50

No se marcharon hasta las dos de la madrugada. Él nunca había visto tanta gente contenta, ajena por completo a lo que en realidad sucedía.

Cómo reían mientras resbalaban por las piedras cubiertas de nieve y aplastaban los trozos de hielo de los canalones. Había suficiente nieve para que los niños hicieran bolas y patinaran sobre la capa de hielo del jardín, abrigados con gorros y mitones.

Hasta tía Viv estaba encantada. Había bebido demasiado jerez, y en aquellos momentos le recordaba penosamente a su madre, aunque a Lily y Bea, que se habían convertido en sus mejores amigas, parecía no importarles.

Rowan había estado perfecta toda la noche, cantó villancicos con ellos al piano y posó delante del árbol para las fotos.

Y éste era su sueño, ¿no? Un sueño lleno de caras radiantes y voces sonoras, gente que sabía apreciar el momento, copas que chocaban en un brindis, besos en la mejilla y la melancolía de las viejas canciones.

—Sois muy amables por hacer esta fiesta tan pronto después de la boda.

—Todos reunidos como en los viejos tiempos.

—Una Navidad como es debido.

Y todos admiraron los preciosos adornos del árbol; y aunque les había advertido que no lo hicieran, desenvolvieron sus regalos allí mismo.

Aunque hubo momentos en que no lo soportó. Tuvo que subir al segundo piso para salir al tejado, y se había quedado junto al parapeto mirando las luces del centro de la ciudad. Nieve sobre los tejados, los antepechos, los frontones y las chimeneas. Nieve que caía fina y suave dondequiera que mirara.

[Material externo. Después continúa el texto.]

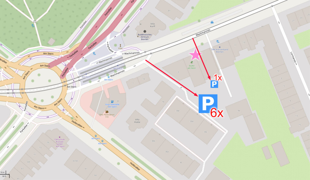 Hinter dem Studio-Gebäude findest du 6 Parkplätze, die eigens für das Studio reserviert sind.

Era lo que siempre había deseado, algo tan completo y magnífico como la boda, y nunca se había sentido más desdichado. Como si aquel monstruo lo tuviera cogido de la garganta. Habría dado un puñetazo a la pared de pura ansiedad.

—Estás aquí, Impulsor. Sé que estás aquí.

Algo retrocedió en las sombras, jugó con él, hizo como si las paredes se alejaran y luego se dispersó, lo dejó solo, a punto de perder el equilibrio, en la semipenumbra.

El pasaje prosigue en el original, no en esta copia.